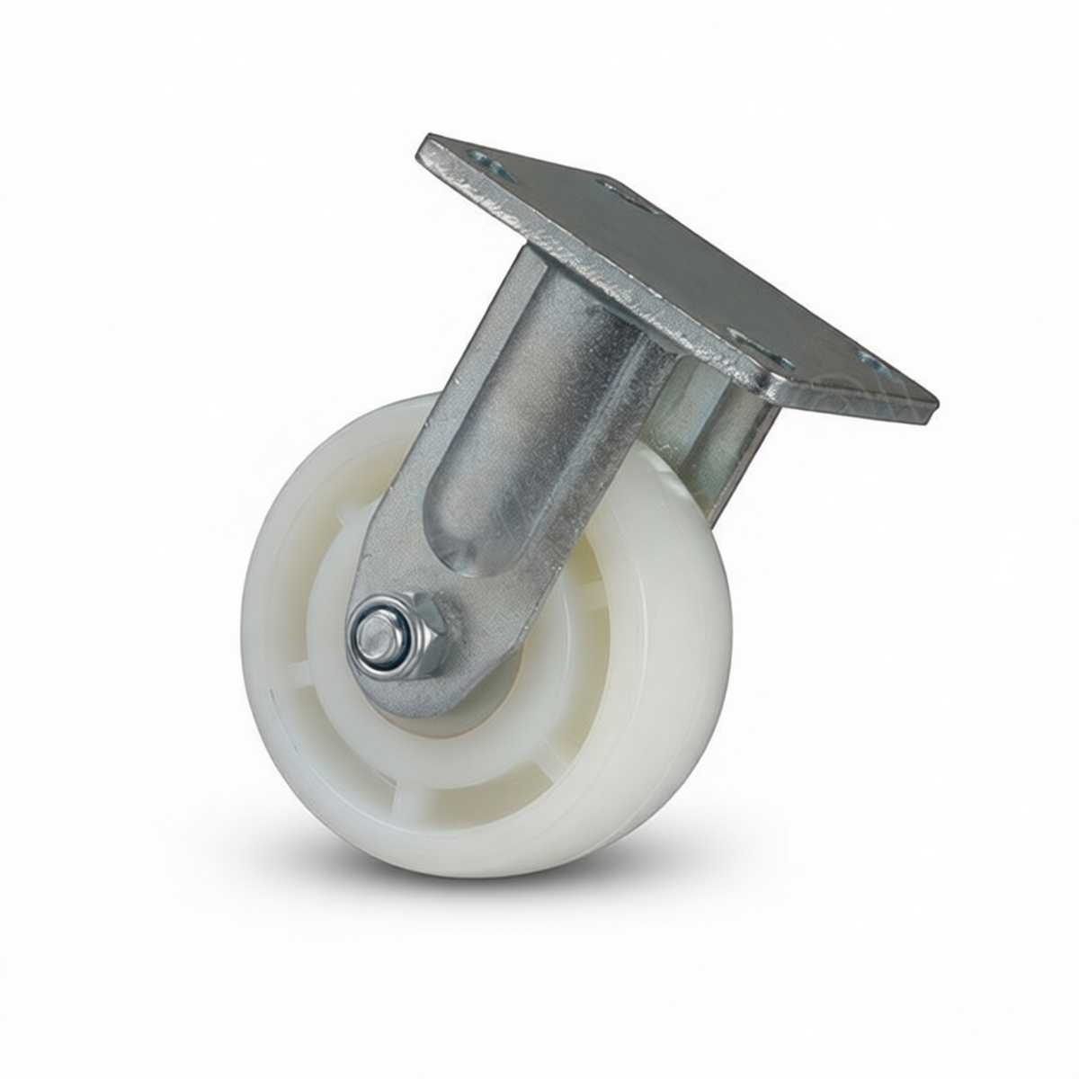 High-strength nylon wheel tread resists chemicals, oils, and floor debris Rigid fixed-wheel design ensures stable, straight-line tracking Heavy-gauge steel fork and housing provide superior structural integrity Plate mount installation allows for broad surface attachment and enhanced stability Smooth rolling performance reduces operator effort and equipment strain Excellent floor protection prevents marking or damage to concrete and epoxy surfaces Corrosion-resistant finish extends service life in harsh industrial conditions
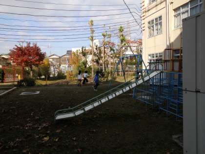 昼休みにちびっこ広場で元気に遊ぶ1・2年生たち。でも,昼休み終わりのチャイムが鳴ると,遊びをやめて一目散に教室に帰っていきました。学校生活は,授業時間に給食時間,休み時間と流れていきますが,節目のチャイムできちんと切り替えができるのは素晴らしいことです。これからもけじめある学校生活を意識して,みんなで頑張れるといいですね。
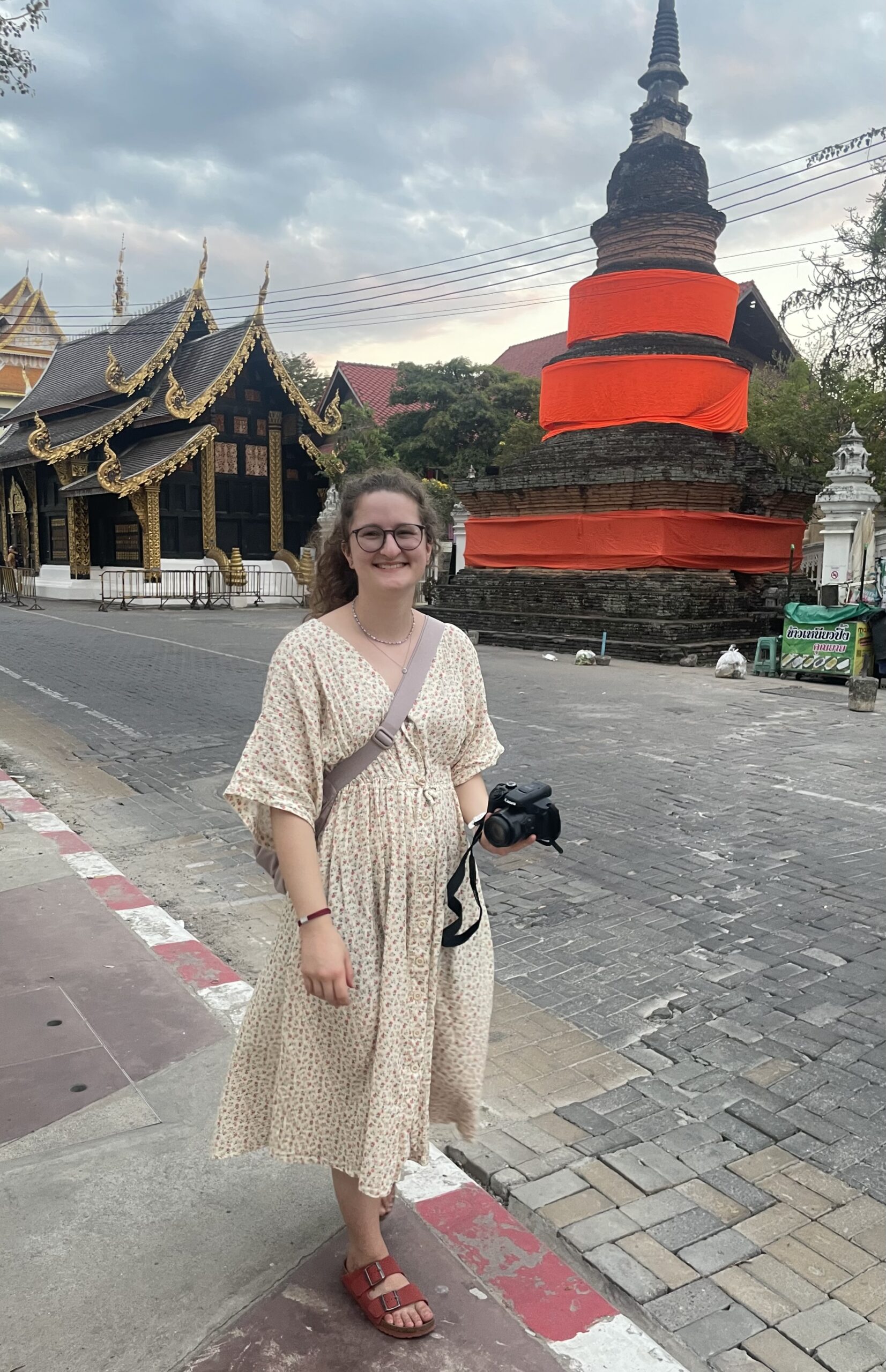 Der nächste Tag startet mit einer 3,5 stündigen Stadtführung. Mit 15 anderen Besuchern- hauptsächlich Kanadier und US-Amerikaner- schauen wir uns 3 verschiedene Tempel an, probieren Kokospancakes und erfahren eine Menge über die Geschichte von Thailand und Chiang Mai. Das Englisch unserer Stadtführerin ist gut, aber mit reichlich Akzent und sehr schnell gesprochen- wir haben Mühe hinterher zu kommen und zu verstehen. Den restlichen Tag verbringen wir mit einem Spaziergang durch Chinatown und dem Genießen von unserem ersten Thaitea- ein typisches Getränk aus Schwarzem Tee.
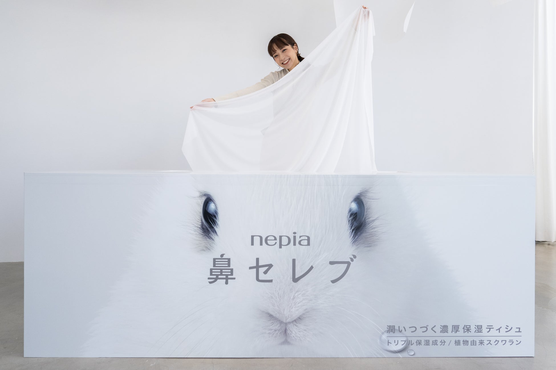 「ネピア 鼻セレブティシュ」は空気中の水分をティシュに取り込むネピア独自の「トリプル保湿」と「植物由来スクワラン」により、濃厚な潤いがつづく保湿ティシュとして、2004年の発売当初より、多くの方々にご愛顧いただいております。まるで潤いのベールをまとったような肌触りが特徴の鼻セレブティシュは、風邪・花粉の時期はもちろん、デリケートなお肌のケアやメイクアップ時にも最適なアイテムとして様々なシーンでご活用いただいております。

■ What is expected ■
What is needed is the listing above, repeated verbatim, without its images.

■ Answer to the exercise ■
 High-strength nylon wheel tread resists chemicals, oils, and floor debris Rigid fixed-wheel design ensures stable, straight-line tracking Heavy-gauge steel fork and housing provide superior structural integrity Plate mount installation allows for broad surface attachment and enhanced stability Smooth rolling performance reduces operator effort and equipment strain Excellent floor protection prevents marking or damage to concrete and epoxy surfaces Corrosion-resistant finish extends service life in harsh industrial conditions
 昼休みにちびっこ広場で元気に遊ぶ1・2年生たち。でも,昼休み終わりのチャイムが鳴ると,遊びをやめて一目散に教室に帰っていきました。学校生活は,授業時間に給食時間,休み時間と流れていきますが,節目のチャイムできちんと切り替えができるのは素晴らしいことです。これからもけじめある学校生活を意識して,みんなで頑張れるといいですね。
 Der nächste Tag startet mit einer 3,5 stündigen Stadtführung. Mit 15 anderen Besuchern- hauptsächlich Kanadier und US-Amerikaner- schauen wir uns 3 verschiedene Tempel an, probieren Kokospancakes und erfahren eine Menge über die Geschichte von Thailand und Chiang Mai. Das Englisch unserer Stadtführerin ist gut, aber mit reichlich Akzent und sehr schnell gesprochen- wir haben Mühe hinterher zu kommen und zu verstehen. Den restlichen Tag verbringen wir mit einem Spaziergang durch Chinatown und dem Genießen von unserem ersten Thaitea- ein typisches Getränk aus Schwarzem Tee.
 「ネピア 鼻セレブティシュ」は空気中の水分をティシュに取り込むネピア独自の「トリプル保湿」と「植物由来スクワラン」により、濃厚な潤いがつづく保湿ティシュとして、2004年の発売当初より、多くの方々にご愛顧いただいております。まるで潤いのベールをまとったような肌触りが特徴の鼻セレブティシュは、風邪・花粉の時期はもちろん、デリケートなお肌のケアやメイクアップ時にも最適なアイテムとして様々なシーンでご活用いただいております。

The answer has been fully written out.